▶ _Records to process_:
····················
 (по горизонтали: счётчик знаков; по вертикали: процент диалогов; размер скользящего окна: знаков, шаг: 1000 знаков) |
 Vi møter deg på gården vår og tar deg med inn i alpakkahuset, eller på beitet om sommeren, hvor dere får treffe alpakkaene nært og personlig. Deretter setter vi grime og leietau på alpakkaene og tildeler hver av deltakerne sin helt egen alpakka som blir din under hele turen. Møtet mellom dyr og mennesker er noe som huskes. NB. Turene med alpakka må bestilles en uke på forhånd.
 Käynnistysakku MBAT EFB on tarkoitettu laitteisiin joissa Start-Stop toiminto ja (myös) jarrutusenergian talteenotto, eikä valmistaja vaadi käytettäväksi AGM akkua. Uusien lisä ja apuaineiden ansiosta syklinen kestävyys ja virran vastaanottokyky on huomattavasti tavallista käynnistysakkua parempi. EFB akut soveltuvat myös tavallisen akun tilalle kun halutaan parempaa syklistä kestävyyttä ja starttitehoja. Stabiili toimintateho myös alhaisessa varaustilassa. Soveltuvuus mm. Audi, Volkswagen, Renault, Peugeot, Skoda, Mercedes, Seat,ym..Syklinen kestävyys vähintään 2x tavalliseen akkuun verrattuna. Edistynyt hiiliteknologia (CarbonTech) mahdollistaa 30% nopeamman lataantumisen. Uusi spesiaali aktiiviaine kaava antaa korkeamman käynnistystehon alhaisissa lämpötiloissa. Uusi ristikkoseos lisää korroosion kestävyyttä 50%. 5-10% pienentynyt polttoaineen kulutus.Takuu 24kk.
····················
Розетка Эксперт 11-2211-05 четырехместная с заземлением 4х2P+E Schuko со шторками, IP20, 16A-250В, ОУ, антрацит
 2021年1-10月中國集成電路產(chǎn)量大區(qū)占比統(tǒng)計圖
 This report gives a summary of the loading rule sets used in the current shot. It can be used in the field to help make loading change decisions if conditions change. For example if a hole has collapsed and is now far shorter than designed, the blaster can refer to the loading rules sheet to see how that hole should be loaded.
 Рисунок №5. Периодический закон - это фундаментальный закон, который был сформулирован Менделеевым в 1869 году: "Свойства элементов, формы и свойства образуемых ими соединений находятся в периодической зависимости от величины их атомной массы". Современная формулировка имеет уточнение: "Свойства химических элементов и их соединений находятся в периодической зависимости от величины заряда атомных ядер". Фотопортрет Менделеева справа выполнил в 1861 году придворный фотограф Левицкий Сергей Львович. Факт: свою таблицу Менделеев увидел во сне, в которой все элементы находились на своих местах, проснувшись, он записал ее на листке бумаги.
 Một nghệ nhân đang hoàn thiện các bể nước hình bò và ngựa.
····················
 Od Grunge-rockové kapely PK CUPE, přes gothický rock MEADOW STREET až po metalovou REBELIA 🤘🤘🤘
····················
Return the span of lines in the data above that opens at the line with "This report gives" and closes at the line with "Một nghệ nhân", exactly, ends included, nothing else.

 This report gives a summary of the loading rule sets used in the current shot. It can be used in the field to help make loading change decisions if conditions change. For example if a hole has collapsed and is now far shorter than designed, the blaster can refer to the loading rules sheet to see how that hole should be loaded.
 Рисунок №5. Периодический закон - это фундаментальный закон, который был сформулирован Менделеевым в 1869 году: "Свойства элементов, формы и свойства образуемых ими соединений находятся в периодической зависимости от величины их атомной массы". Современная формулировка имеет уточнение: "Свойства химических элементов и их соединений находятся в периодической зависимости от величины заряда атомных ядер". Фотопортрет Менделеева справа выполнил в 1861 году придворный фотограф Левицкий Сергей Львович. Факт: свою таблицу Менделеев увидел во сне, в которой все элементы находились на своих местах, проснувшись, он записал ее на листке бумаги.
 Một nghệ nhân đang hoàn thiện các bể nước hình bò và ngựa.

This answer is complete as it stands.